Action item:
Copy every record word for word. The images stay behind.

Items from a dataset:
------------------------------
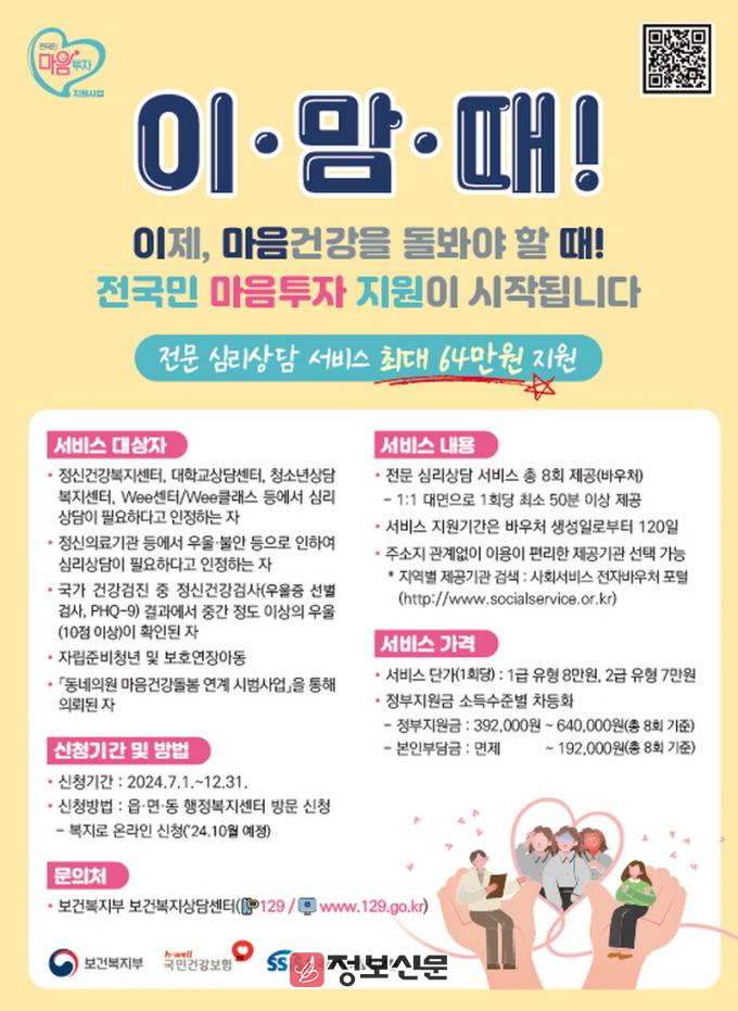 ‘전 국민 마음투자 지원사업’은 우울·불안 등 정서적 어려움이 있는 시민에게 대화 기반의 전문 심리상담 서비스를 제공한다.
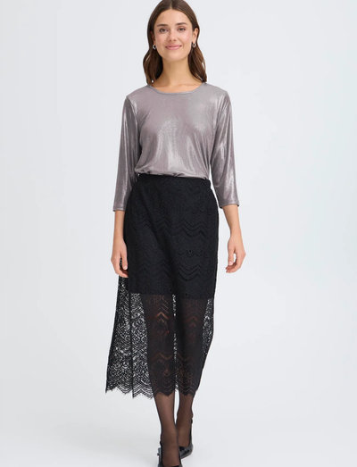 Denne top er fremstillet med en skinnende finish og tilføjer et strejf af glamour til ethvert outfit. De trekvartlange ærmer og den klassiske runde halsudskæring gør den til en alsidig beklædningsgenstand til både dag- og aftenbrug.
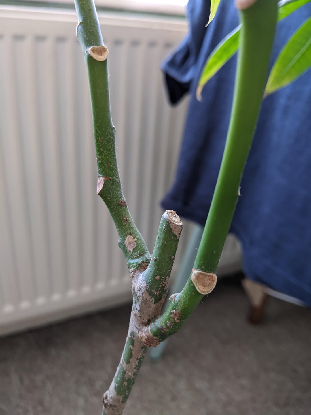 他の金のなる木の幹が腐った後に残った最後の幹。この硬くなった中心茎を切ったら、そこでの成長が促進されるのだろうか?
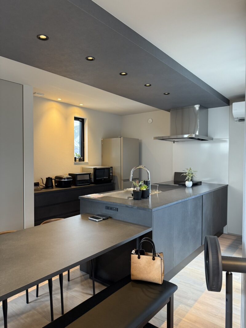 アイランド型のキッチンにはダイニングテーブルを直結させ、料理・食事・片付けの動線を最短に。
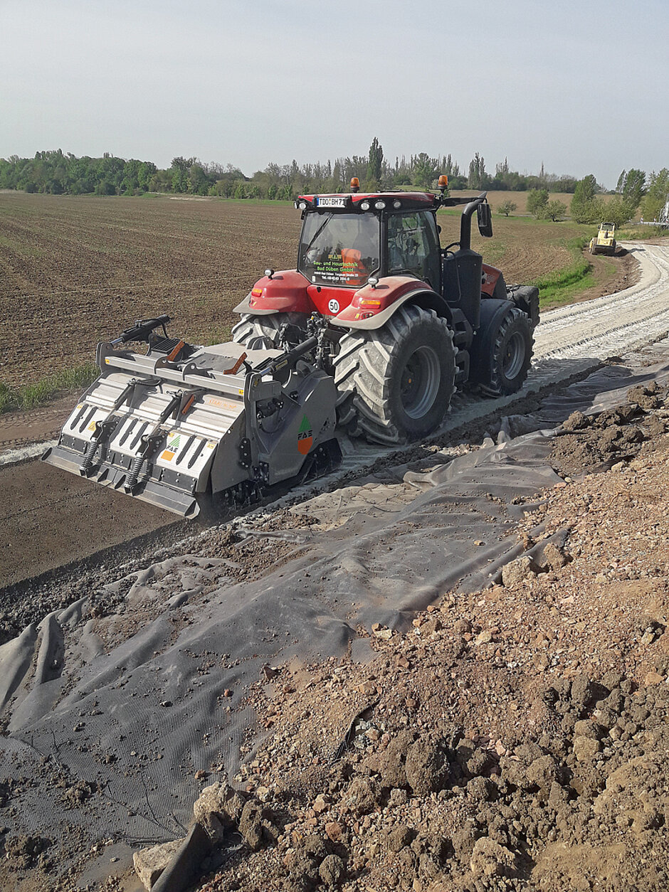 Zu den am meisten geschätzten Merkmalen der FAE-Fräse zählten nach Angaben der Mitarbeiter vor Ort ihre Robustheit, die immer guten Mischqualitäten und die Fähigkeit, auch steinige Böden zu bearbeiten. Die Fräse verfügt über eine Mischkammer mit variabler Geometrie eines beweglichen Rotors, wodurch nur der Fräsrotor in den Boden eindringt. Der bewegliche Rotor wird hydraulisch von der Traktorkabine aus gesteuert. Das Volumen der Mischkammer ist variabel ausgelegt: je größer die Arbeitstiefe, desto größer das Volumen. Im Vergleich zu einer Maschine, die mit dem Rahmen im Boden arbeitet, reduziert die Mischkammer mit variablem Volumen nach FAE-Angaben die notwendige Antriebskraft, was eine Reduzierung des Kraftstoffverbrauchs, eine Steigerung der Betriebsgeschwindigkeit und somit eine höhere Zeitersparnis zur Folge habe. Damit werde es möglich, den Boden bis zu einer Tiefe von 50 cm zu fräsen und dabei eine ausgezeichnete Mischqualität bei jeder Mischtiefe zu gewährleisten.
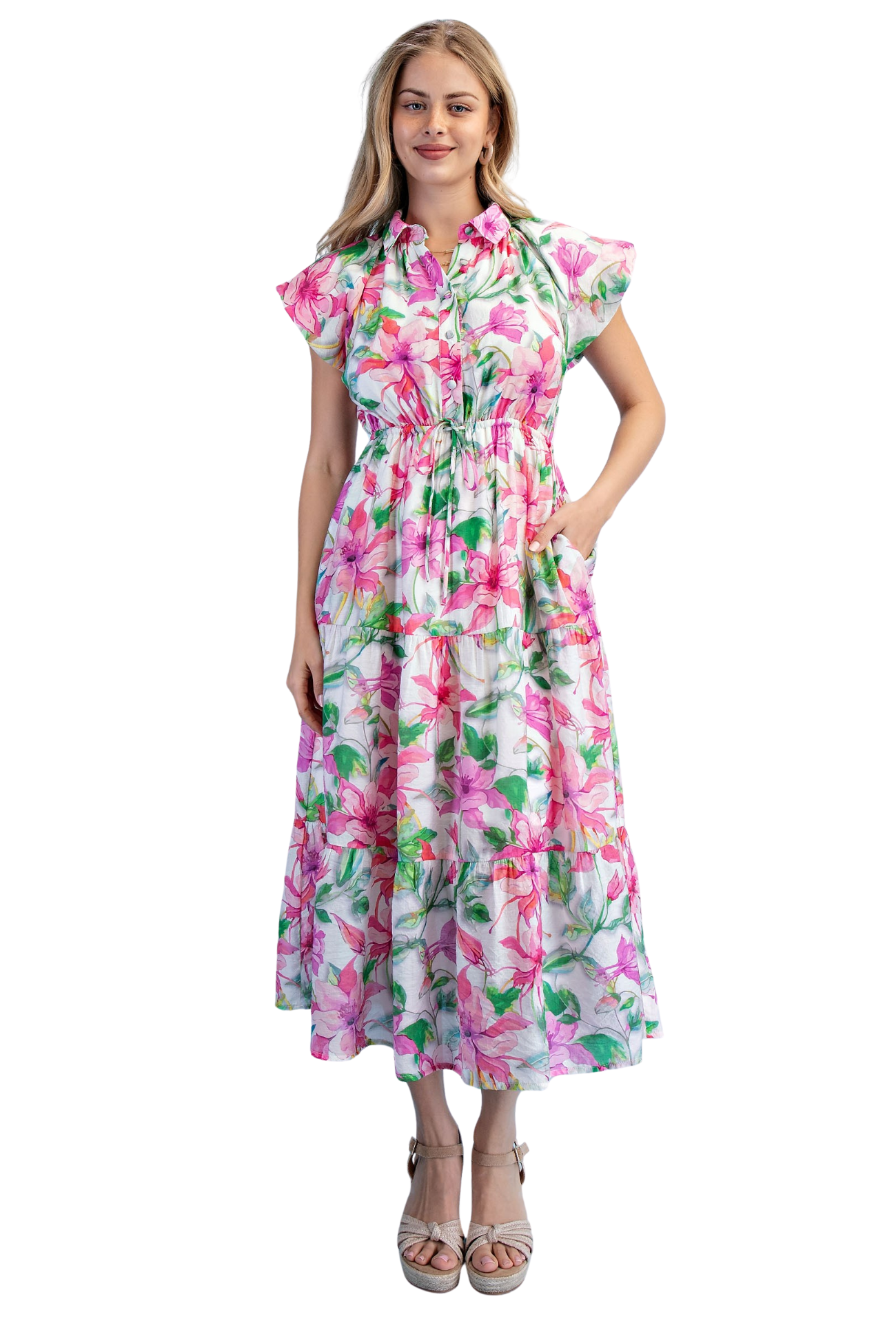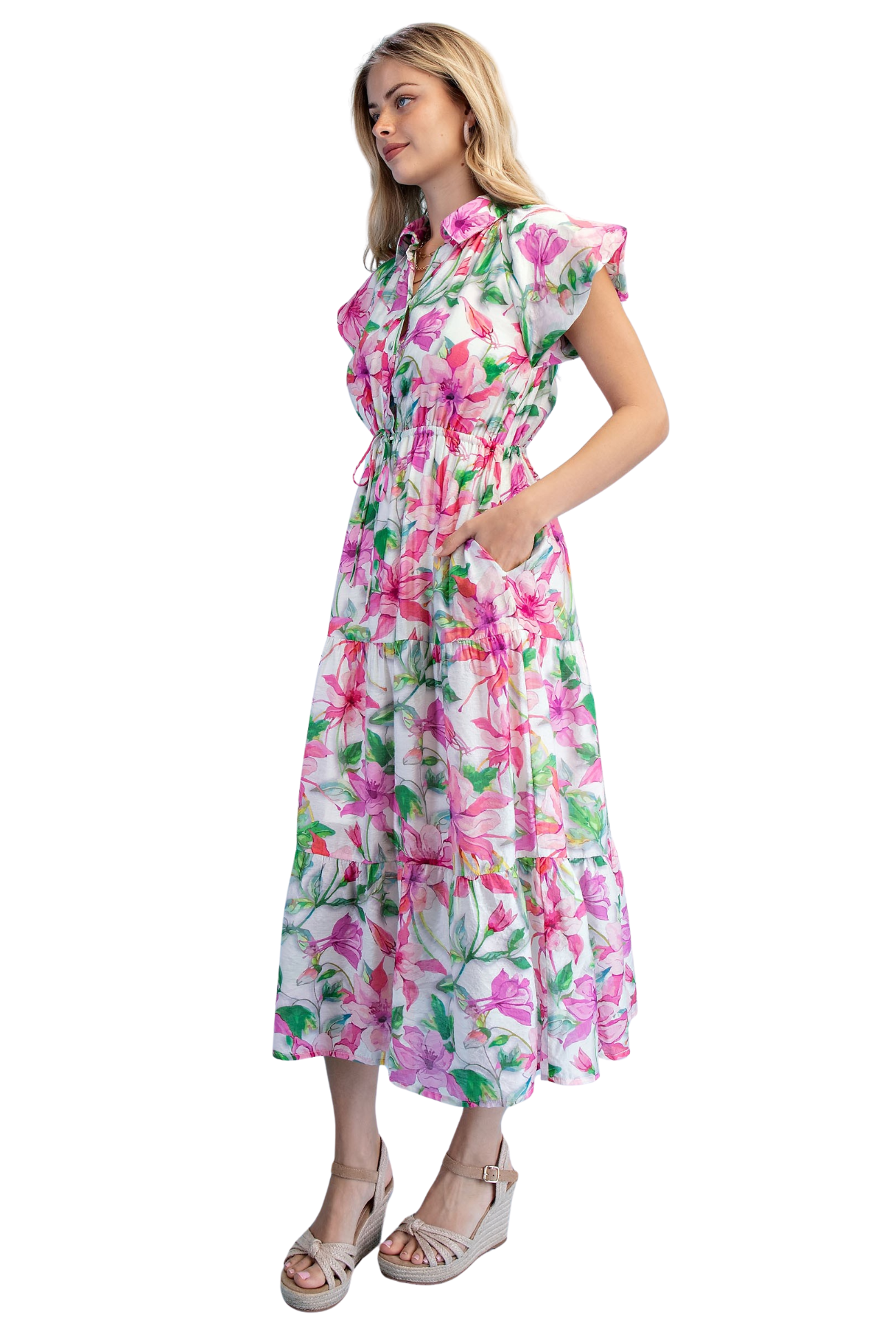 Escape to paradise with this charming midi dress featuring a classic floral print that brings effortless elegance to your wardrobe. The structured collar and button details add a polished touch, while the adjustable drawstring waist allows you to customize your silhouette for the perfect fit. Fully lined for comfort and confidence, this versatile piece transitions seamlessly from casual days to special occasions. A timeless addition to any collection!
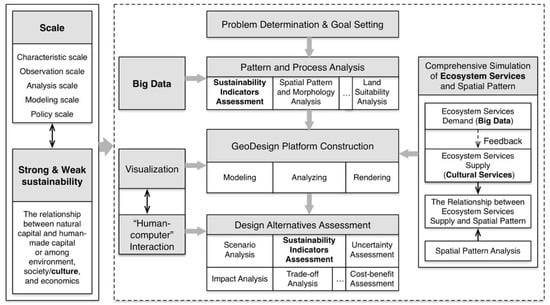 Among the six perspectives, the scale concept and strong/weak sustainability perspective run through the framework (Figure 2), depending on what problem designers face and what strategies designers take. The adoption of different scales or sustainability perspectives may lead to completely different results. The relationships between spatial pattern and ecosystem services can help choose optimal or preferred landscape patterns during design. The difficulty of applying ecosystem services in GeoDesign lies in the difference between the potential supply and realized supply of ecosystem services, the trades-offs and synergies among ecosystem services, and the linkages between ecosystem services and human wellbeing. Sustainability indicators, strongly related to strong/weak sustainability perspective and scale, can be used for assessment before, during, and after design. If the indicators are parameterized and presented by “human–computer” interaction, dynamic feedback can be realized in GeoDesign. Big data have been used in data management and demand analysis of ecosystem services. For example, it can capture open-access data, analyze word frequency, and then understand the public’s needs for ecosystem services. The application of big data needs novel algorithms. The volume, variety, and velocity of data may have great impacts on results. Considering culture in the relationships among environment, society, and economics will further influence every step of the framework. Before integrating culture and sense of place into design, clear definition, evaluation, and modeling are needed.
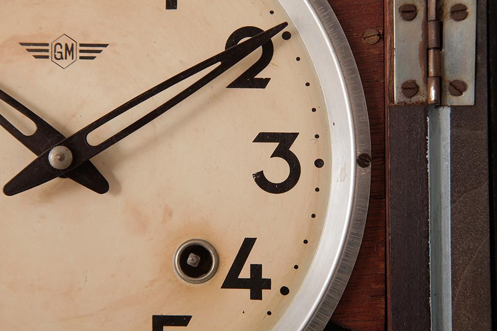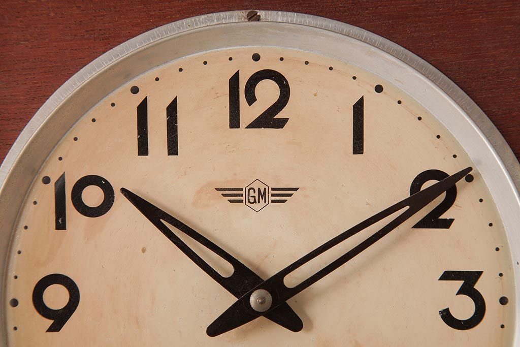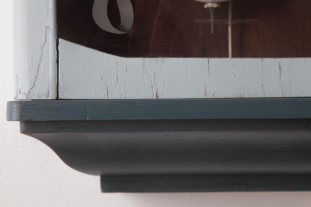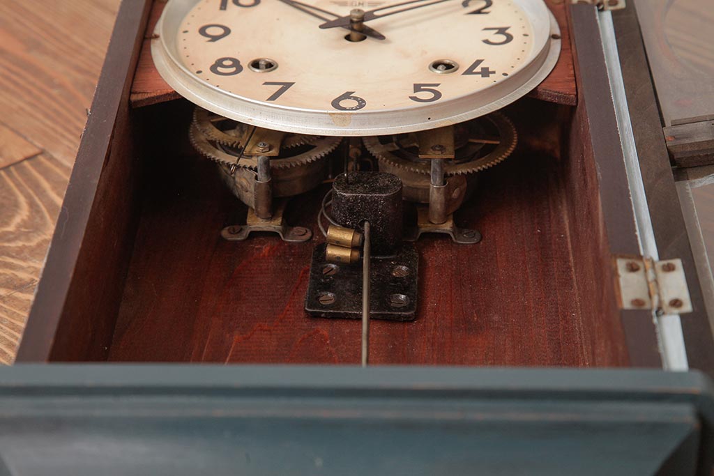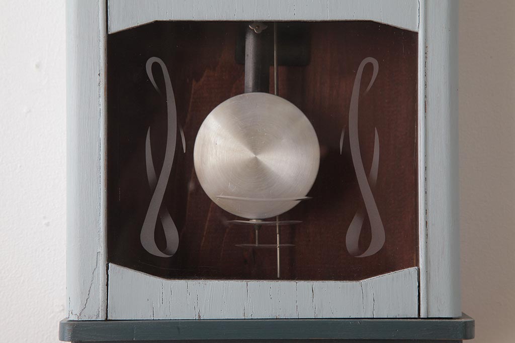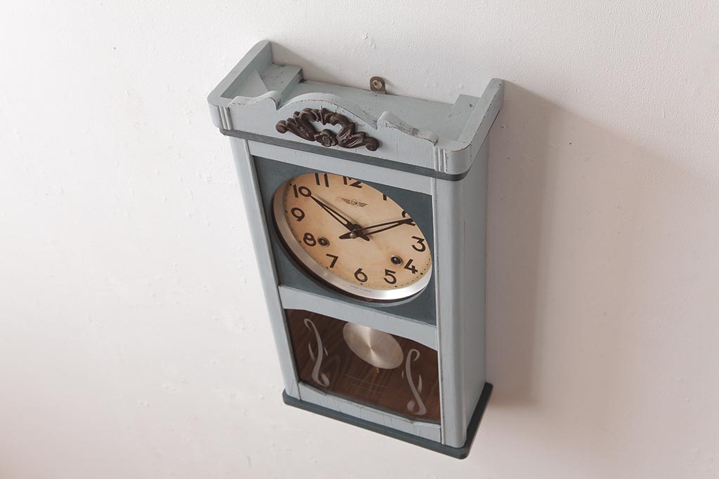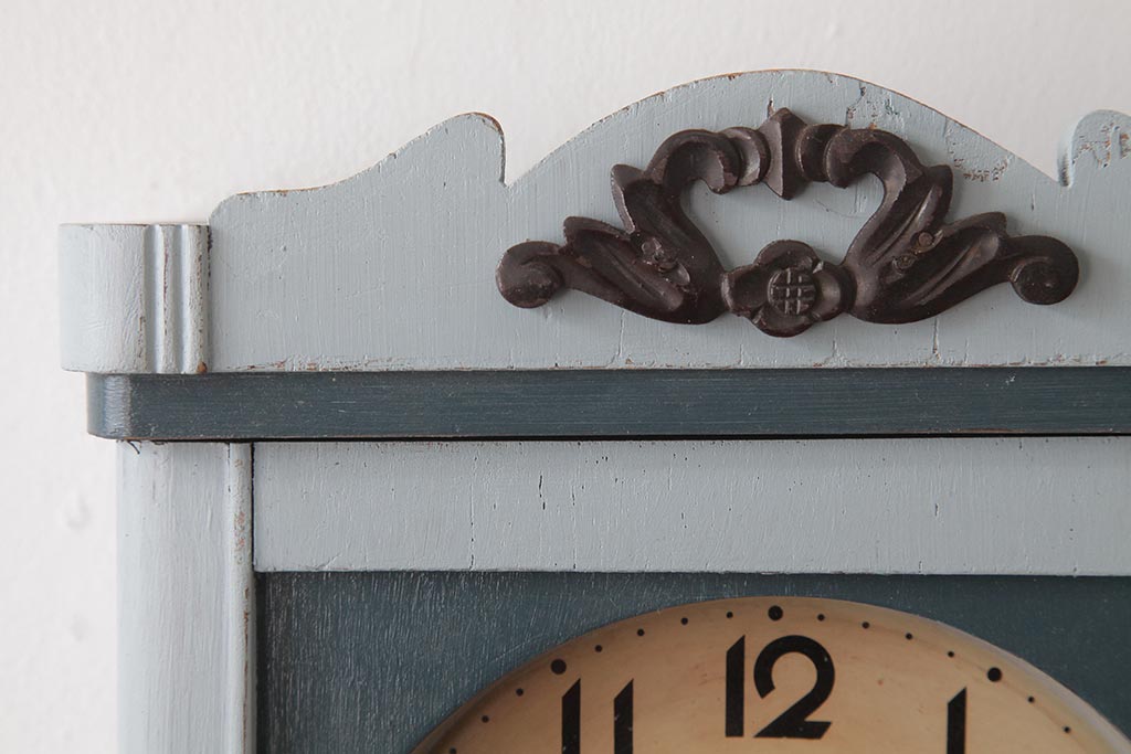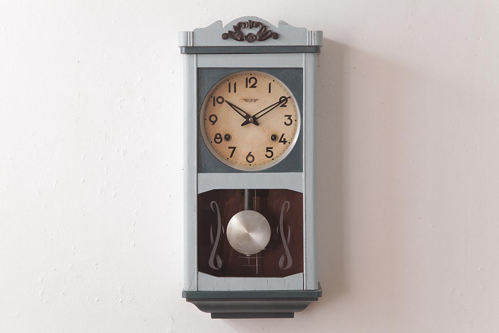 時計> 掛け時計 > アンティーク雑貨 GMマーク ゼンマイ式 レトロなペイントがお洒落な掛け時計(振り子時計、柱時計)(R-037530)
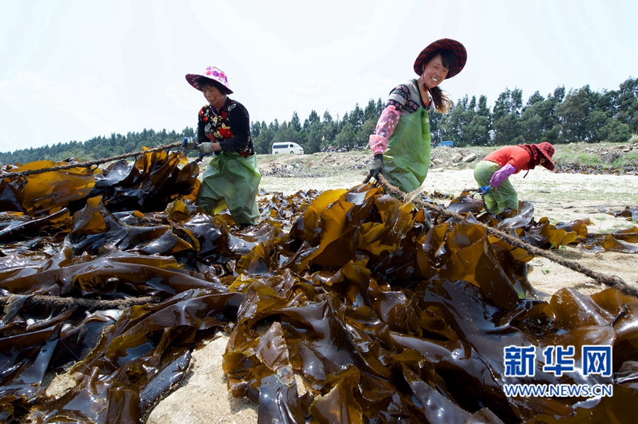 •      福建省湄洲灣北岸山柄村村民在晾曬海帶。新華社記者姜克紅 攝
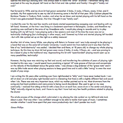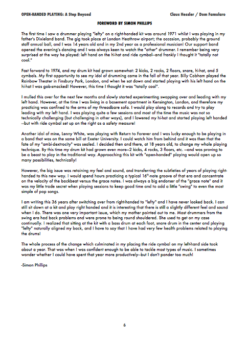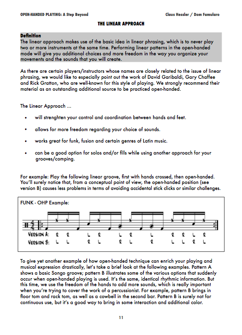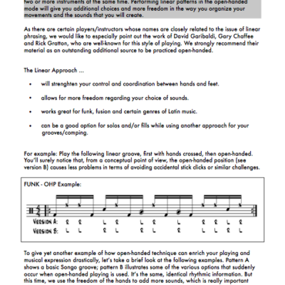 Based on the concepts of OPEN-HANDED PLAYING VOL. 1 this follow-up mostly works on linear phrasing and the use of rudiments around the drumset, using the benefits of the open-handed position. You’ll find a variaty of exercises and applications that will also complement the vocabulary of “cross-handed” players – also including some approaches about the use of rudiments that you’ll hardly find in other drumbooks (collapsed rudiments, Swiss rudiments etc.). Eight playalongs in different styles help you to experiment with the tools shown here in a musical context. Forewords by international open-handed top players Simon Philipps (Toto), Kenny Aronoff (Mellencamp) and Will Kennedy (Yellowjackets).
------------------------------
Solution:
 ‘전 국민 마음투자 지원사업’은 우울·불안 등 정서적 어려움이 있는 시민에게 대화 기반의 전문 심리상담 서비스를 제공한다.
 Denne top er fremstillet med en skinnende finish og tilføjer et strejf af glamour til ethvert outfit. De trekvartlange ærmer og den klassiske runde halsudskæring gør den til en alsidig beklædningsgenstand til både dag- og aftenbrug.
 他の金のなる木の幹が腐った後に残った最後の幹。この硬くなった中心茎を切ったら、そこでの成長が促進されるのだろうか?
 アイランド型のキッチンにはダイニングテーブルを直結させ、料理・食事・片付けの動線を最短に。
 Zu den am meisten geschätzten Merkmalen der FAE-Fräse zählten nach Angaben der Mitarbeiter vor Ort ihre Robustheit, die immer guten Mischqualitäten und die Fähigkeit, auch steinige Böden zu bearbeiten. Die Fräse verfügt über eine Mischkammer mit variabler Geometrie eines beweglichen Rotors, wodurch nur der Fräsrotor in den Boden eindringt. Der bewegliche Rotor wird hydraulisch von der Traktorkabine aus gesteuert. Das Volumen der Mischkammer ist variabel ausgelegt: je größer die Arbeitstiefe, desto größer das Volumen. Im Vergleich zu einer Maschine, die mit dem Rahmen im Boden arbeitet, reduziert die Mischkammer mit variablem Volumen nach FAE-Angaben die notwendige Antriebskraft, was eine Reduzierung des Kraftstoffverbrauchs, eine Steigerung der Betriebsgeschwindigkeit und somit eine höhere Zeitersparnis zur Folge habe. Damit werde es möglich, den Boden bis zu einer Tiefe von 50 cm zu fräsen und dabei eine ausgezeichnete Mischqualität bei jeder Mischtiefe zu gewährleisten.
 Escape to paradise with this charming midi dress featuring a classic floral print that brings effortless elegance to your wardrobe. The structured collar and button details add a polished touch, while the adjustable drawstring waist allows you to customize your silhouette for the perfect fit. Fully lined for comfort and confidence, this versatile piece transitions seamlessly from casual days to special occasions. A timeless addition to any collection!
 Among the six perspectives, the scale concept and strong/weak sustainability perspective run through the framework (Figure 2), depending on what problem designers face and what strategies designers take. The adoption of different scales or sustainability perspectives may lead to completely different results. The relationships between spatial pattern and ecosystem services can help choose optimal or preferred landscape patterns during design. The difficulty of applying ecosystem services in GeoDesign lies in the difference between the potential supply and realized supply of ecosystem services, the trades-offs and synergies among ecosystem services, and the linkages between ecosystem services and human wellbeing. Sustainability indicators, strongly related to strong/weak sustainability perspective and scale, can be used for assessment before, during, and after design. If the indicators are parameterized and presented by “human–computer” interaction, dynamic feedback can be realized in GeoDesign. Big data have been used in data management and demand analysis of ecosystem services. For example, it can capture open-access data, analyze word frequency, and then understand the public’s needs for ecosystem services. The application of big data needs novel algorithms. The volume, variety, and velocity of data may have great impacts on results. Considering culture in the relationships among environment, society, and economics will further influence every step of the framework. Before integrating culture and sense of place into design, clear definition, evaluation, and modeling are needed.
 時計> 掛け時計 > アンティーク雑貨 GMマーク ゼンマイ式 レトロなペイントがお洒落な掛け時計(振り子時計、柱時計)(R-037530)
 •      福建省湄洲灣北岸山柄村村民在晾曬海帶。新華社記者姜克紅 攝
 Based on the concepts of OPEN-HANDED PLAYING VOL. 1 this follow-up mostly works on linear phrasing and the use of rudiments around the drumset, using the benefits of the open-handed position. You’ll find a variaty of exercises and applications that will also complement the vocabulary of “cross-handed” players – also including some approaches about the use of rudiments that you’ll hardly find in other drumbooks (collapsed rudiments, Swiss rudiments etc.). Eight playalongs in different styles help you to experiment with the tools shown here in a musical context. Forewords by international open-handed top players Simon Philipps (Toto), Kenny Aronoff (Mellencamp) and Will Kennedy (Yellowjackets).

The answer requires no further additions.